Where the line containing "x dr. Tirta." appears, start repeating, and continue exactly through the last line below, adding nothing. Include no pictures.
Top of RECORDED DATA
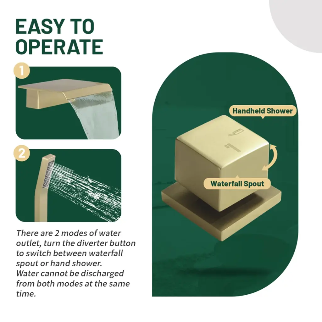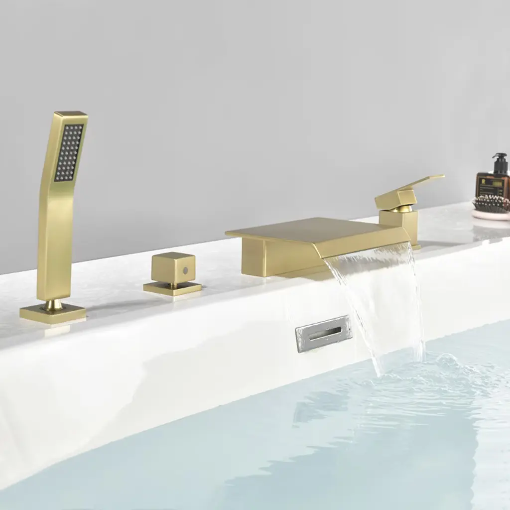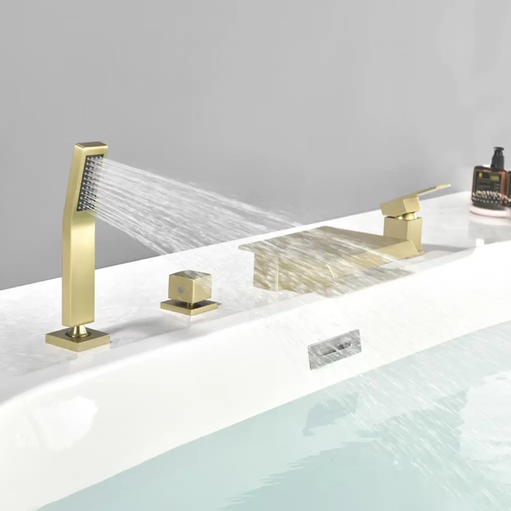 Cobbe Brushed Gold Bathroom Tub Faucet With Handheld Shower And 7.87-inch Wide Waterfall Tub Filler Single Handle 4-hole Installation
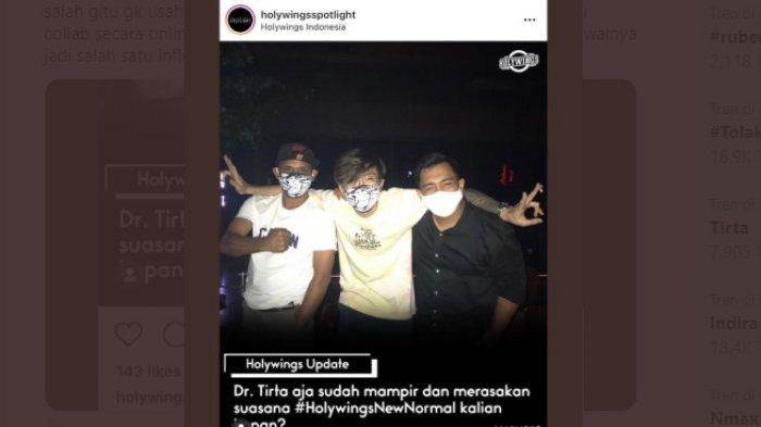 "Klarifikasi foto Tirta di Holywings. Sebenarnya dr Tirta datang ke Holywings untuk melihat Holywings Gunawarman. Karena kita sedang melakukan kolaborasi masker Holywings x dr. Tirta.
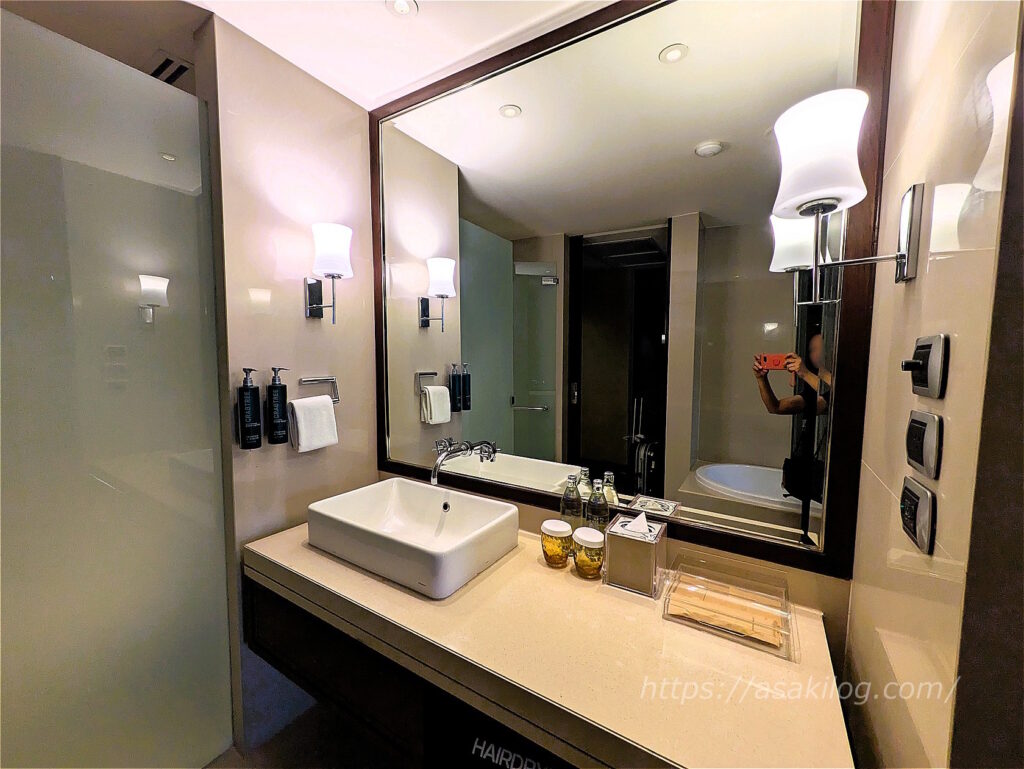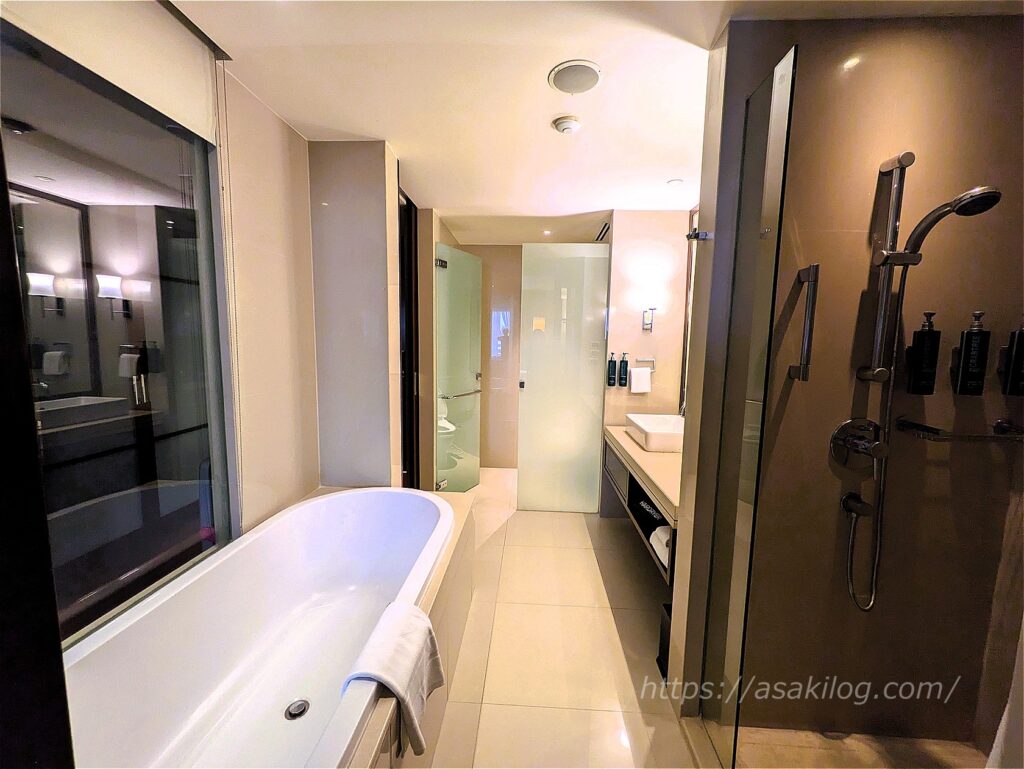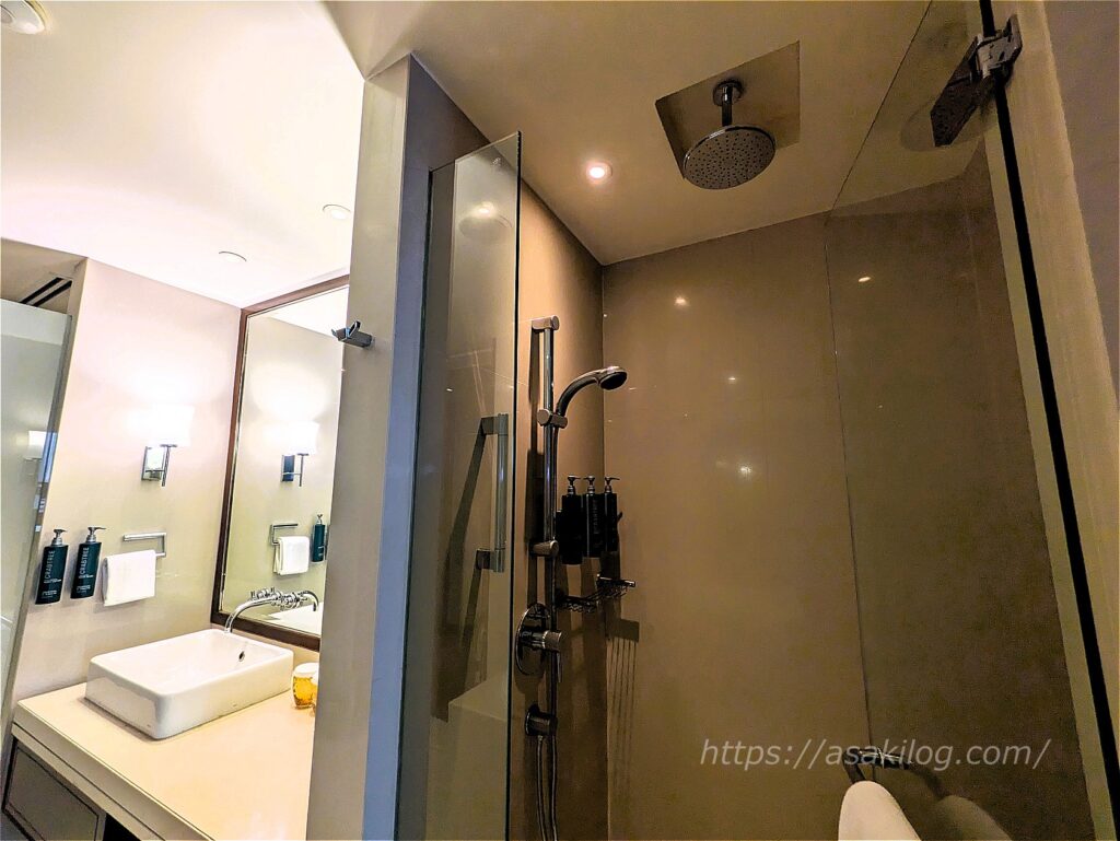 シャワールームはガラスで囲まれた独立スペース。天井に固定されたオーバーヘッドシャワーと、高さの調節や取り外して使えるハンドシャワーもあり、水圧は問題ありませんでした。
Bottom of RECORDED DATA
### EXERCISE RESPONSE
 "Klarifikasi foto Tirta di Holywings. Sebenarnya dr Tirta datang ke Holywings untuk melihat Holywings Gunawarman. Karena kita sedang melakukan kolaborasi masker Holywings x dr. Tirta.
 シャワールームはガラスで囲まれた独立スペース。天井に固定されたオーバーヘッドシャワーと、高さの調節や取り外して使えるハンドシャワーもあり、水圧は問題ありませんでした。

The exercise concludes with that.